Activity —
This exercise calls for an exact copy of the listing, with no pictures kept.

Supplied information —
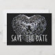 An intricately created jewellry heart bauble pendant, with shiny silver metallic finish reflecting the light against a deep and dark background. Save the Date is written in large letters on the front, with multiple customizeable text fields on the reverse side for your special information.
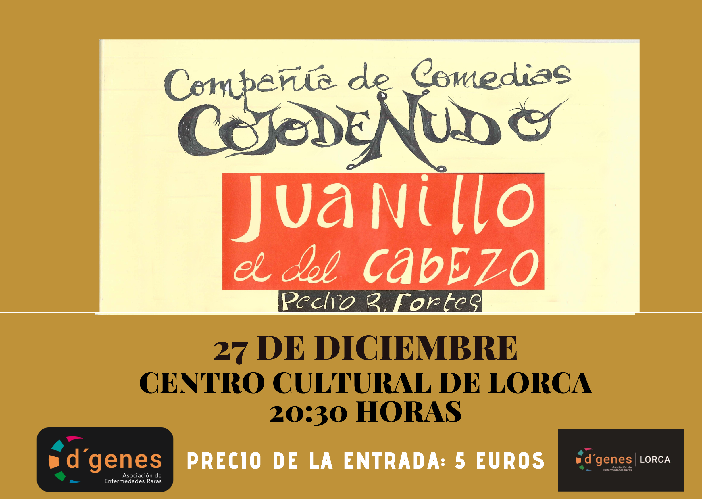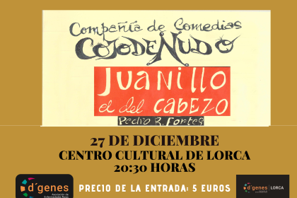 La Compañía de Comedias Cojo de nudo pondrá en escena el recital «Juanillo el del Cabezo» el próximo 27 de diciembre en Lorca. Este recital tendrá tintes solidarios ya que los beneficios que se obtengan se destinarán a la Asociación de Enfermedades Raras D´Genes.
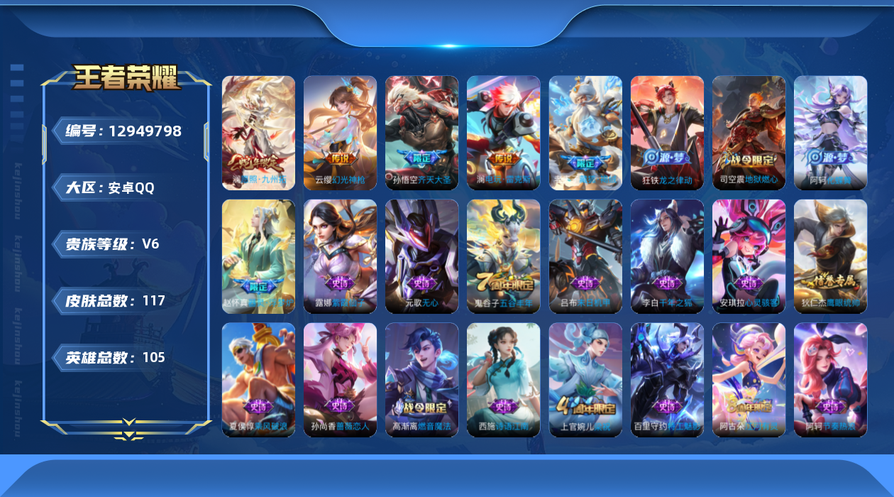 [12949798]【特价急出/详情看图】:安卓Q-V6-永恒钻石V段位-105英雄-117皮肤-4传说-34史诗

Output for this task —
 An intricately created jewellry heart bauble pendant, with shiny silver metallic finish reflecting the light against a deep and dark background. Save the Date is written in large letters on the front, with multiple customizeable text fields on the reverse side for your special information.
 La Compañía de Comedias Cojo de nudo pondrá en escena el recital «Juanillo el del Cabezo» el próximo 27 de diciembre en Lorca. Este recital tendrá tintes solidarios ya que los beneficios que se obtengan se destinarán a la Asociación de Enfermedades Raras D´Genes.
 [12949798]【特价急出/详情看图】:安卓Q-V6-永恒钻石V段位-105英雄-117皮肤-4传说-34史诗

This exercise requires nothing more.